- EXERCISE -
Reproduce the entries verbatim; no pictures.

- GIVEN DATA -

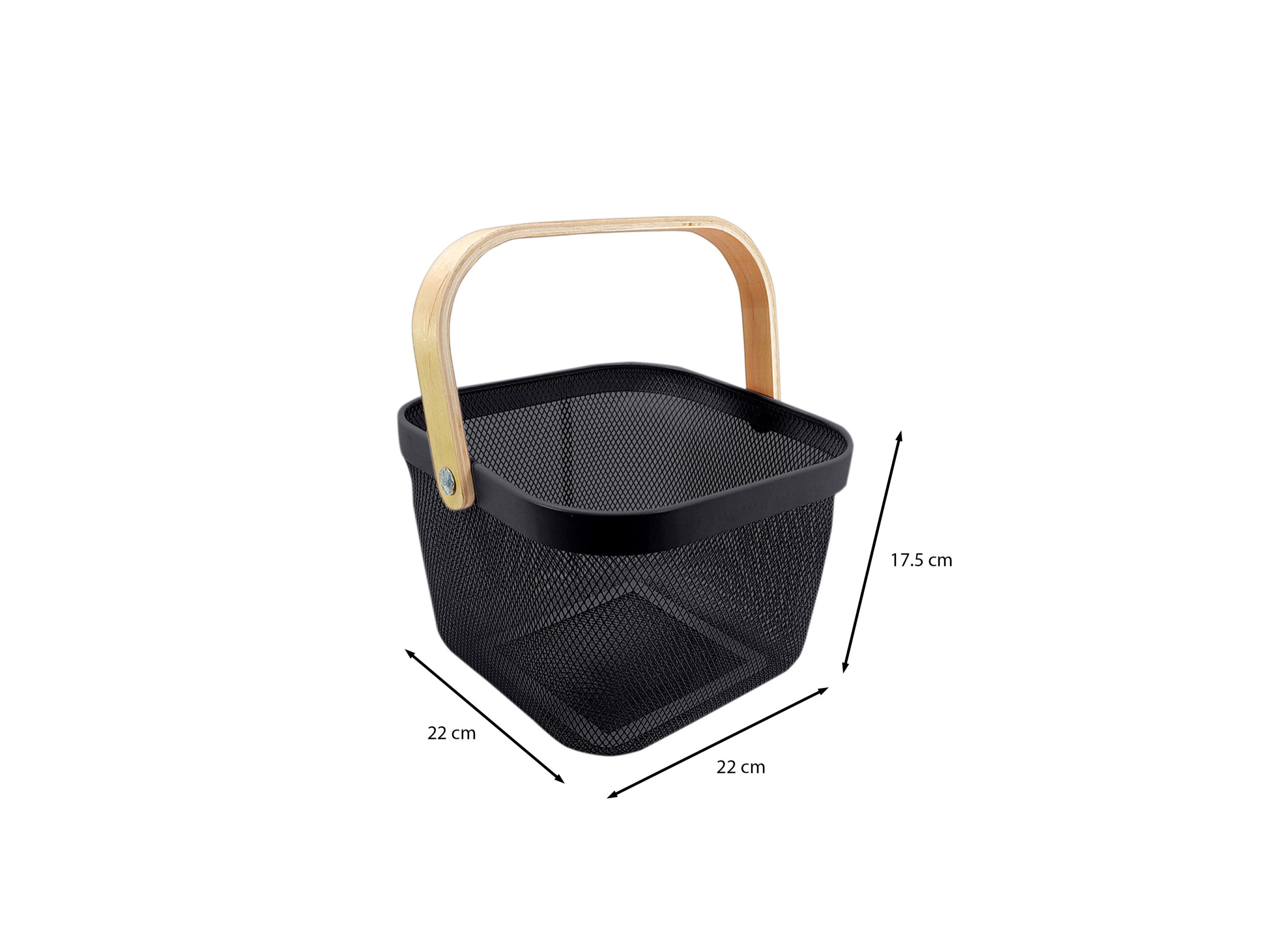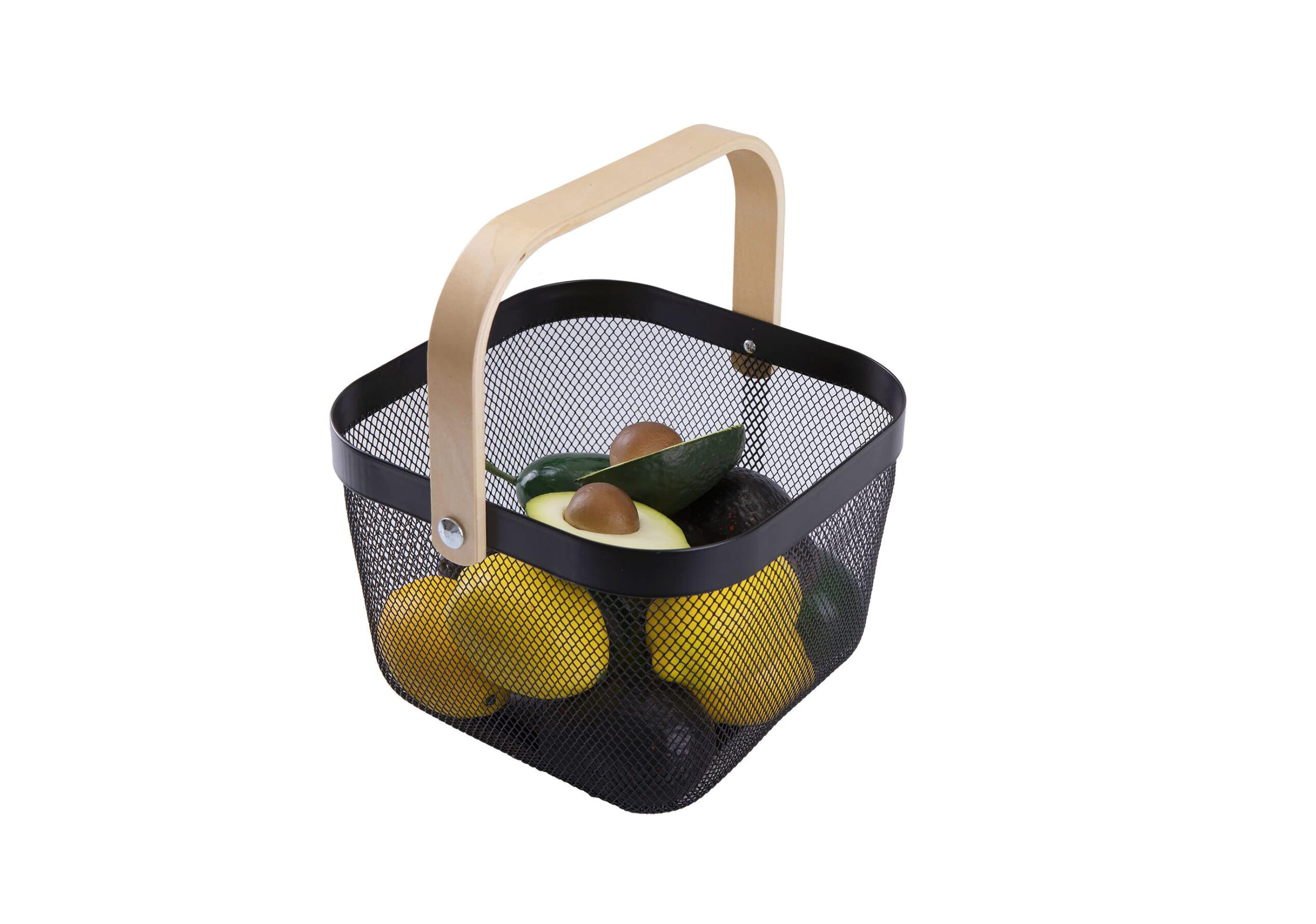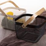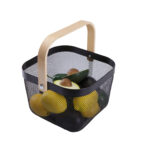 METAL WIRE WOVEN FRUIT STORAGE BOWL BASKET WITH WOODEN HANDLE
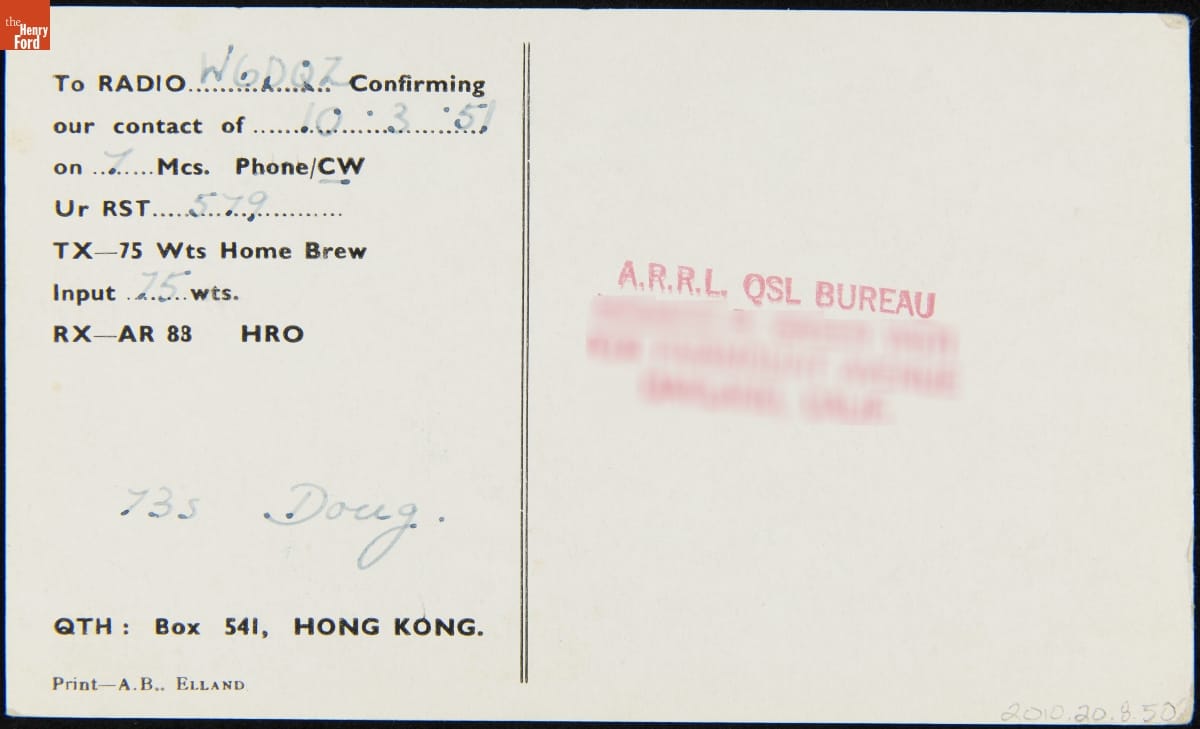 It was customary for ham radio operators (hams) to exchange these "QSL cards" with one another through the mail after their first conversation. Long-time hams amassed collections of thousands of cards, some from far-flung places. There is a story embedded in each example: the ham's call sign dominates the design, with additional details about location, reception reports, and weather conditions.
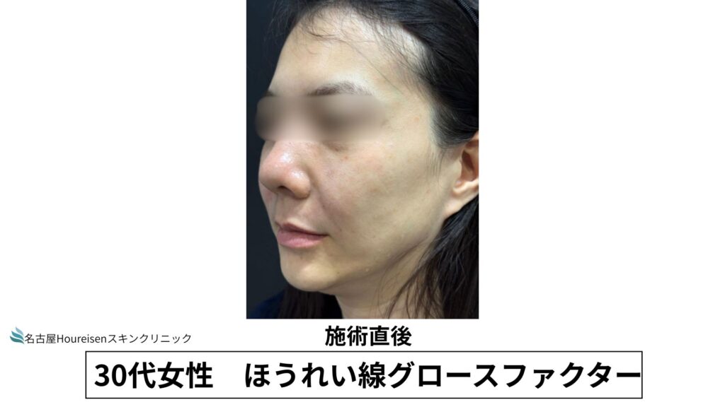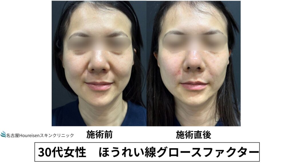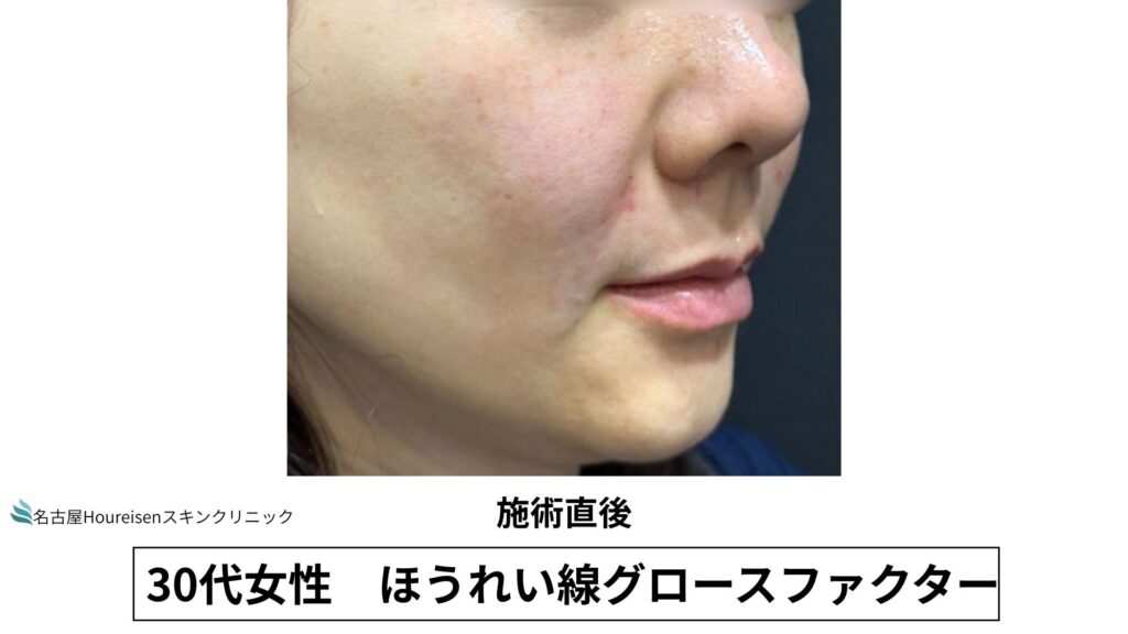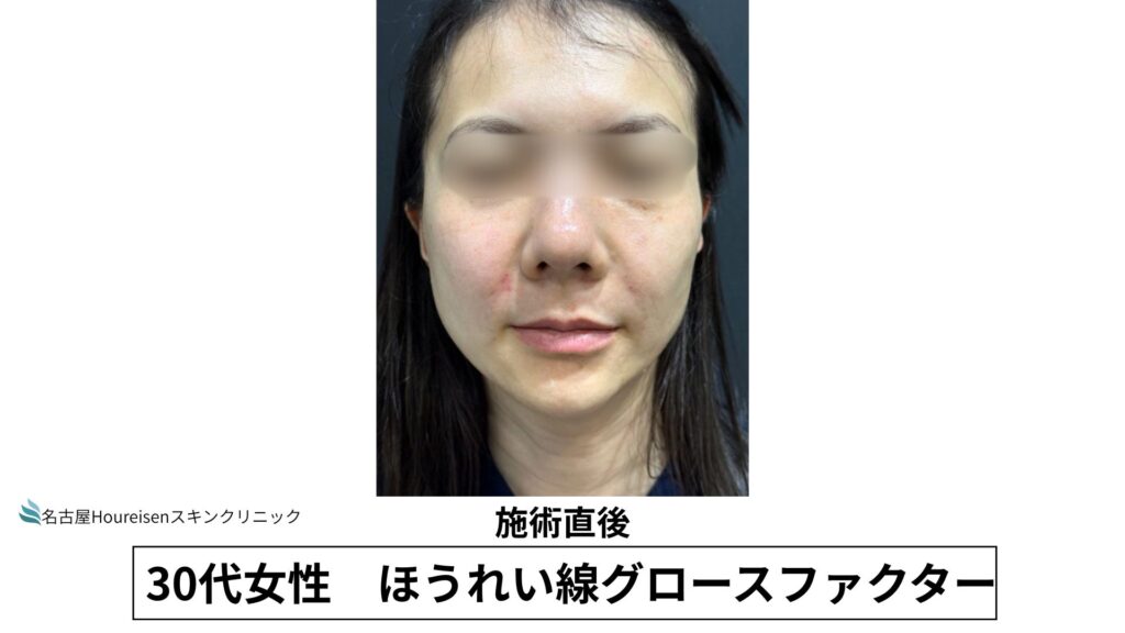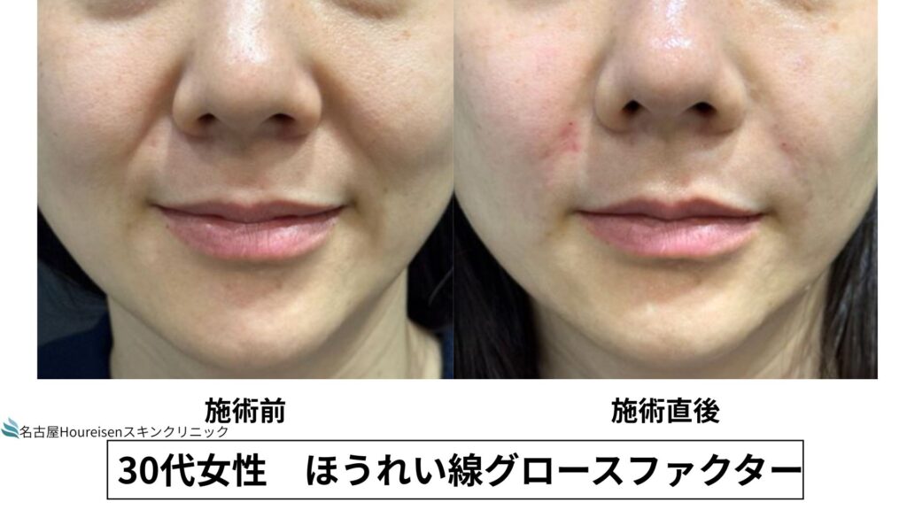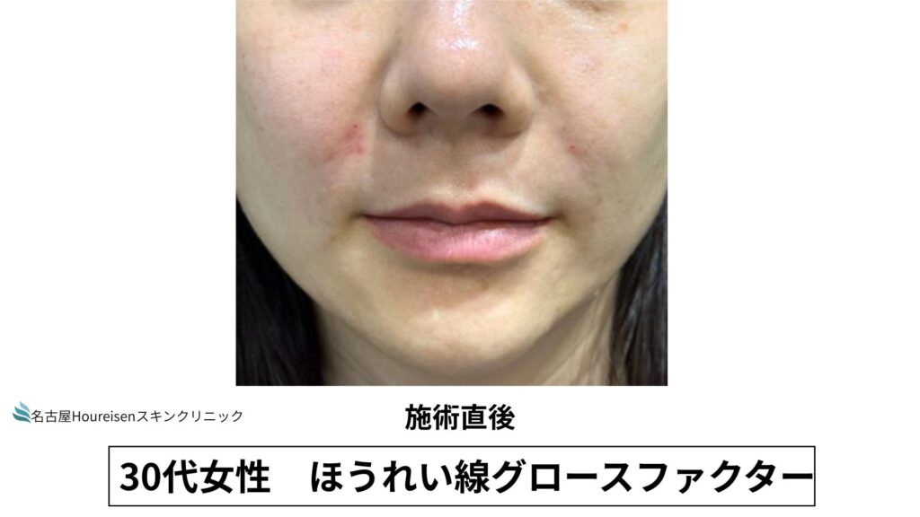 今回は、30代女性のほうれい線グロースファクターの施術直後の写真をご紹介します。
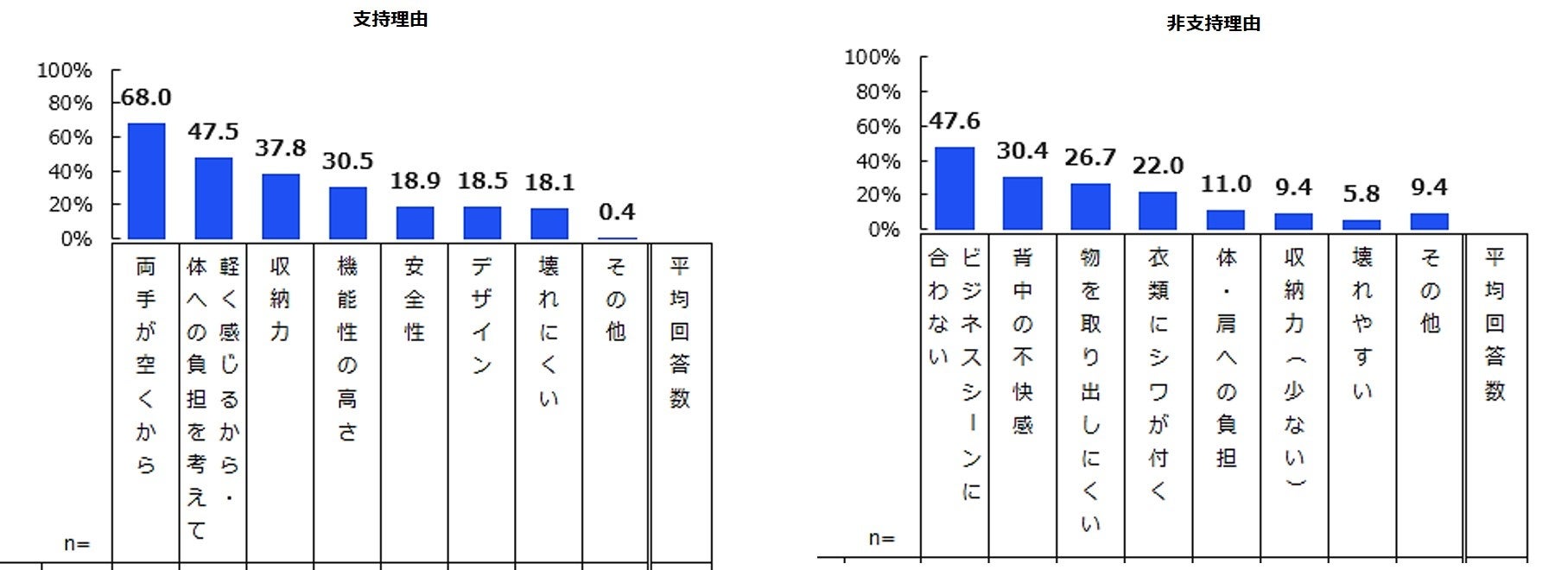● リュックタイプ支持の理由は「両手が空く」こと。一方、非使用理由は「ビジネスシーンに合わない」とする声が主。
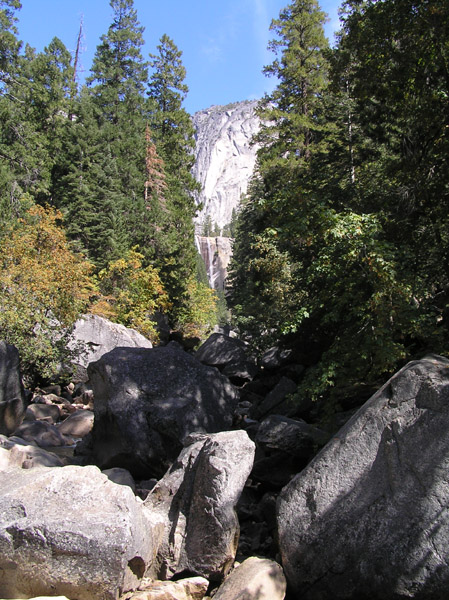 | We've finally reached the bridge below Vernal Falls. It too looks anemic. When we finally reached Andra's car at the Happy Isles backpacker's parking lot, we sadly discovered that vandals had broken her passenger side mirror off. They threw a piece of cinder block at it, deeply gouging her passenger side window and smashing the mirror and assembly right off. Simply disgusting. |
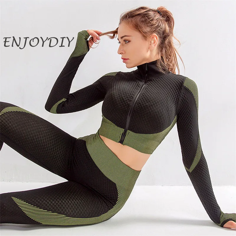 Бесшовные женские комплекты для йоги, женские спортивные костюмы дл...
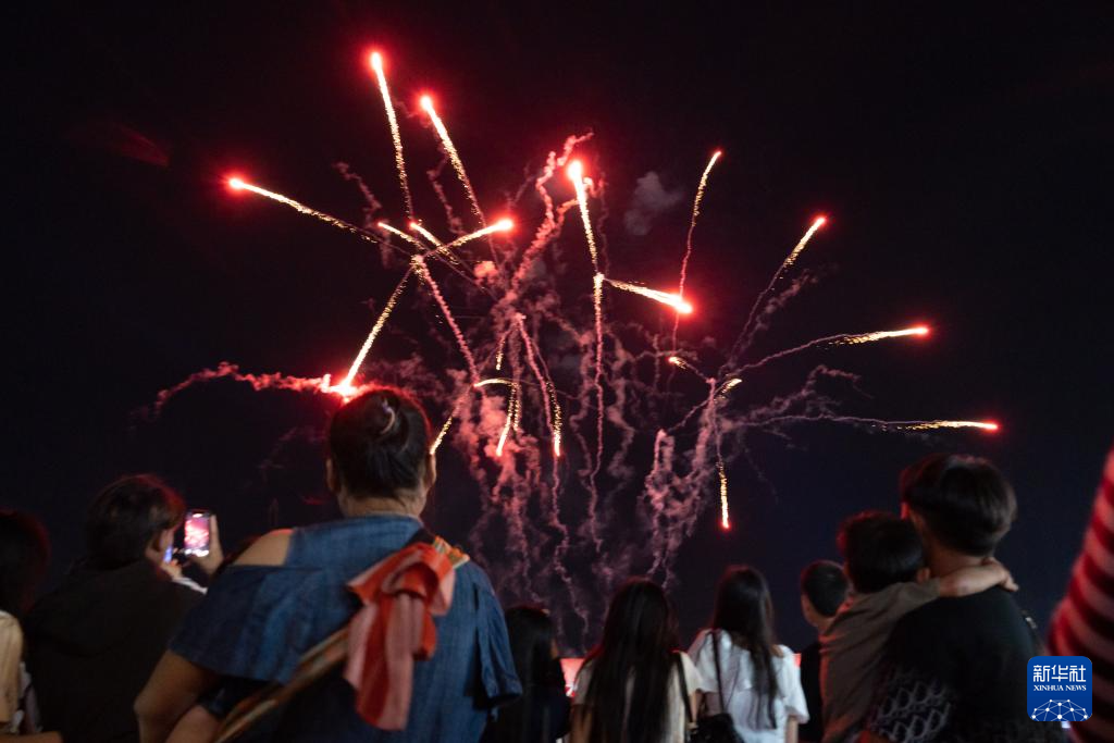 10月7日晚,人们在老挝首都万象湄公河畔观看烟花。

- SOLUTION TO THE PROBLEM -
 METAL WIRE WOVEN FRUIT STORAGE BOWL BASKET WITH WOODEN HANDLE
 It was customary for ham radio operators (hams) to exchange these "QSL cards" with one another through the mail after their first conversation. Long-time hams amassed collections of thousands of cards, some from far-flung places. There is a story embedded in each example: the ham's call sign dominates the design, with additional details about location, reception reports, and weather conditions.
 今回は、30代女性のほうれい線グロースファクターの施術直後の写真をご紹介します。
● リュックタイプ支持の理由は「両手が空く」こと。一方、非使用理由は「ビジネスシーンに合わない」とする声が主。
 | We've finally reached the bridge below Vernal Falls. It too looks anemic. When we finally reached Andra's car at the Happy Isles backpacker's parking lot, we sadly discovered that vandals had broken her passenger side mirror off. They threw a piece of cinder block at it, deeply gouging her passenger side window and smashing the mirror and assembly right off. Simply disgusting. |
 Бесшовные женские комплекты для йоги, женские спортивные костюмы дл...
 10月7日晚,人们在老挝首都万象湄公河畔观看烟花。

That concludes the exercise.